I happened on this wordpress review/conversation and it matches my sentiment exactly. Thank you, Nancy.

My Instagram of Embroideries.
7. Embroideries – Maryjane Satrapi 

Reading this book was like going to a tupperware party with your grandmother and her Bunko group. Believe me, you’ll never guess what embroideries stands for and you’ll probably never want to experience that meaning without pain medication.

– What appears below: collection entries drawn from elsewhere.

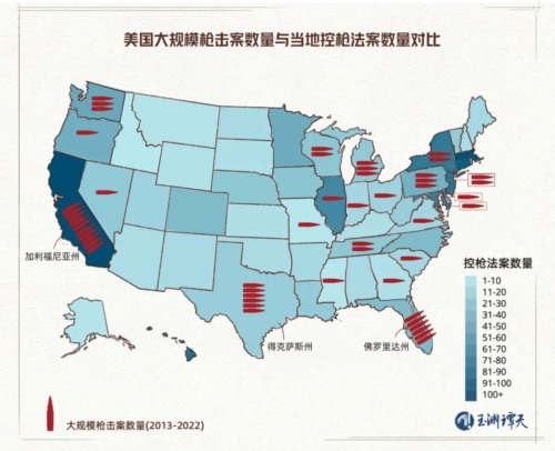 按照人们关于“控枪”的普遍认识,控枪政策越严格的地方,枪击发生率应该也会随之降低。然而,对比分析后,谭主发现:加州也是美国2013年-2022年间发生大规模枪击案最多的州。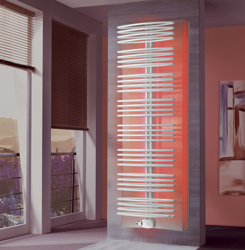 Luxus-Badwärmer Samba 1 oder Samba 2 plus Lichtpaneel Vario-Multicolor, Lichtpaneele in transluzentem Opalweiß, Heizkörper in beliebigem Farbton und in Chrom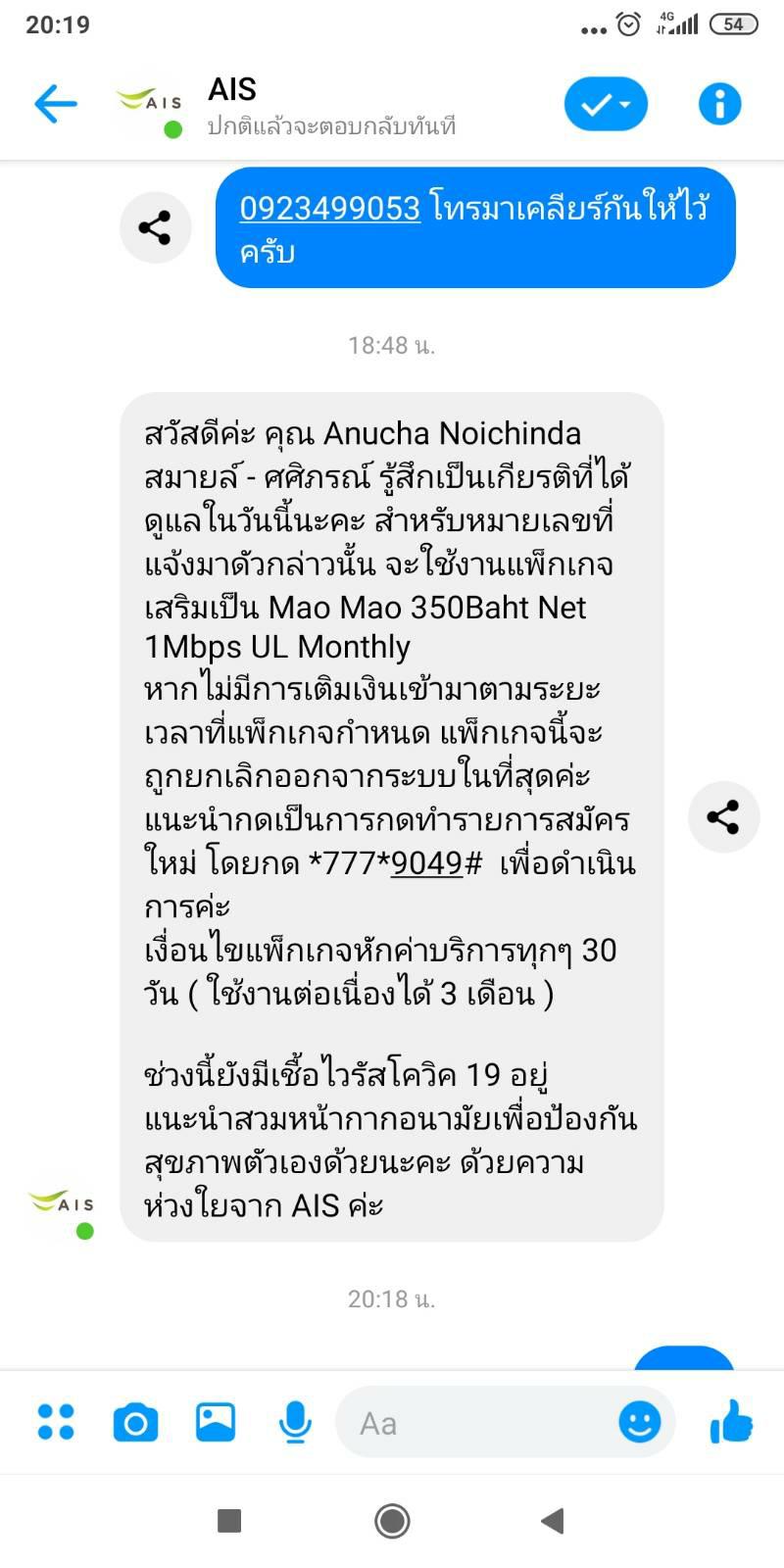 ต้องแจ้งให้ทราบก่อนว่าต้องมาพิมพ์ถามในนี้เพราะไม่สามารถหาช่องทางติดต่อพูดคุยกับคนได้ เดิมมีนัดกับพนักงานเอไอเอสวันพุธ ว่าจะคุยเรื่องโปรเน็ตรายปี แต่วันนี้จะทำงานโปรเน็ตเดิมที่ได้พรี 2 G แจ้งว่าเน็ตหม

The Heart is a Lonely Hunter – Carson McCullers
8. The Heart is a Lonely Hunter – Carson McCullers 
Jinger, I’m sorry I have to do this to my dear penpal. I HATED THIS BOOK. THIS IS A SPOILER SENTENCE: You want me to spend a whole book with a mute who loses his odd other half, helps a bunch of people experience a journey that moves them almost nowhere, but through a life that none of them really want, and then kills himself at the end. You have to be kidding me. Was there anything to like about this book ever? …Maybe I liked the way Mick was described as the neighborhood tomboy in her rolled up jean shorts and her secret cigarette purchases. MAYBE.
That’s it. I never want to see this book ever again.